Having been travelling in Australia, France and so on, I missed much of the furore about the Government cuts – but am coming across all sorts of implications. Yesterday it was the news that the RAF’s Harriers are to go, something that profoundly upsets my father – for whom No. 1 did a Harrier fly-past last month (see September 19 entries). Not sure whether No. 1 Squadron will go to, but it’s probably too good a brand not to slap on something else that flies.
I loathe much of the defence sector, where levels of corruption tend to be off the scale, as I was reminded when I chaired the Advisory Council of the Export Credits Guarantee Department (ECGD), but we do need to ensure our national security. The question whether we need Harriers to some degree depends for its answer on whether we need to project power into other parts of the world.

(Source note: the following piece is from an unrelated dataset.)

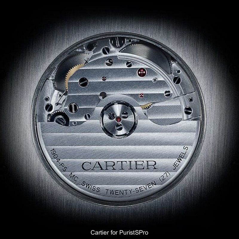 A self-winding watch with the first movement produced by the Cartier Manufacture, the 1904 MC, with its oscillating weight and beautiful mechanism visible through the sapphire case back.

History says we shouldn’t be in Iraq, at least in the form that we have been there in recent years, and it says we shouldn’t be in Afghanistan. But the idiocy of the Bush II regime and the complicity of the UK Government mean that we are up to our eyeballs in unwinnable occupations.
One of the horrors of the moment, watching the Republicans and the Tea Party campaign in the US, is to witness the unbelievable dishonesty and self-delusion of the more conservative elements in US society. It’s almost as if they have a national death wish. Can’t help but feel that in the coming century the US is going to follow the UK down the inexorable, increasingly slippery slope to irrelevance.